Все это походило на шараду, на игру. В темноте и прохладе туннеля реальная жизнь Тарсуса казалась такой далекой, почти придуманной. А если реальность там, значит, здесь выдумка: в полузаброшенном туннеле они вдвоем замышляют план побега. Но даже в игре есть свои правила, своя логика. Когда глаза привыкли к темноте, на расстоянии вытянутой руки обозначились контуры деревянных подпорок. Поль снова зажег спичку. Теперь они могли видеть более или менее ясно на два-три фута. Поль медленно двинулся вперед, подняв спичку. Когда пламя добралось до пальцев, он потушил ее и зажег другую, потом третью.

Когда догорала четвертая спичка, они внезапно наткнулись на что-то.

– У, черт! – сказала Хоуп.

Поль зажег еще одну спичку и осмотрел обвал. Сломанные балки, обвалившиеся стены и потолок. Проход был закупорен.

– Пожалуй, нет возможности пробраться через это,– сказал Поль.

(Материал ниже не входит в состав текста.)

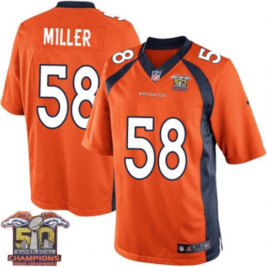 Youth Nike Denver Broncos #58 Von Miller Elite Orange Team Color Super Bowl 50 Champions NFL Jersey
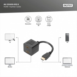 Le splitter HDMI passif est la solution idéale pour connecter deux téléviseurs ou moniteurs à un seul connecteur HDMI de l'ordinateur ou du portable, avec prise en charge de la qualité Full HD (1080p). Il n'est pas possible d'utiliser les deux appareils simultanément.
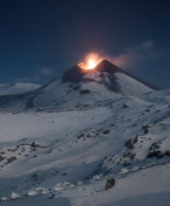 Nachdem es am Ätna in den letzten Wochen eruptionsmäßig eher still war, abgesehen von ein paar Ascheexhalationen vom Zentralkrater, wurden heute Livecamaufnahmen aus der Nacht veröffentlicht, die schwach strombolianische Eruptionen aus dem Südostkrater dokumentierten. Die hier gezeigte Aufnahme wurde von Galvagna Giuseppe gecaptured und via FB verbreitet.
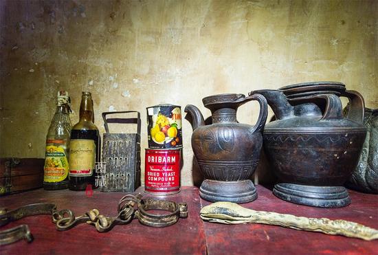 旁邊的梳妝臺各種用品一應(yīng)俱全。想想我自己,都沒有這么一個尺寸正好的梳妝臺,羨慕。柜子里還有帕拉貴族當(dāng)年遺留下來的名貴食品、餐具、進(jìn)口酒、進(jìn)口白醋、珍貴裘皮服飾,生動再現(xiàn)帕拉家族當(dāng)年的豪華生活場景。

– Есть,– сказала она,– но потребуются механизмы, бригада рабочих и новые бревна. Даже при этом уйдет несколько дней. Балки быстро подгнивают. Когда я была ребенком, дядя с тетей всегда предупреждали меня, чтобы я тут не играла. Они тогда за меня очень волновались. Мне жаль,– добавила она, как будто бы обвал произошел по ее вине.

– Мне тоже,– сказал Поль.– Давайте вернемся.

На сей раз Хоуп пришлось идти впереди, туннель был слишком узким, а она находилась ближе к выходу.

– Подождите минуточку,– сказал Поль,– возьмите спички.– Но когда он протянул руку, либо она, либо он уронили коробок. Некоторое время оба ощупывали землю, пытаясь найти его, потом бросили. Не так уж далеко было до выхода, и идти к свету легче.

– Обойдемся без них,– сказала Хоуп.– Через несколько минут мы выйдем.– И пошла вперед.

Вдруг она споткнулась и упала. Поль едва не упал на нее.

– Вот черт! – воскликнула Хоуп.– Ногу камнем придавило.

– Не можете вытащить? – спросил он.

– Нет, вытащила, только, по-моему, вывихнула. Он помог ей подняться и предложил:

– Опирайтесь на меня.

Опираясь на Поля и подпрыгивая, Хоуп кое-как одолела туннель. У самого выхода, в тени, она села и осмотрела левую ногу.

– Плохо? – спросил Поль.

– Болит,– сказала она.– Могу встать, но болит.

– Если вы можете стоять, значит, это не перелом и, по всей вероятности, даже не вывих. Возможно, растяжение. Отдохнем немного, а потом пойдем потихонечку.

– Дура дурой,– сказала Хоуп с некоторым раздражением. Она опустила руку в карман за сигаретами и засмеялась. Вместе с сигаретами она достала вторую коробку спичек.

– А я и не подумала. Забыла, что у меня тоже есть спички. Ну, просто полная идиотка… Поль! – произнесла она с какой-то странной интонацией.– Что это?

Поль посмотрел, куда она указывала. Там лежала скомканная пачка из-под сигарет марки «Пэл-Мэл гоулд».

– Пустая пачка из-под сигарет…

– Да,– сказала она,– но как она сюда попала?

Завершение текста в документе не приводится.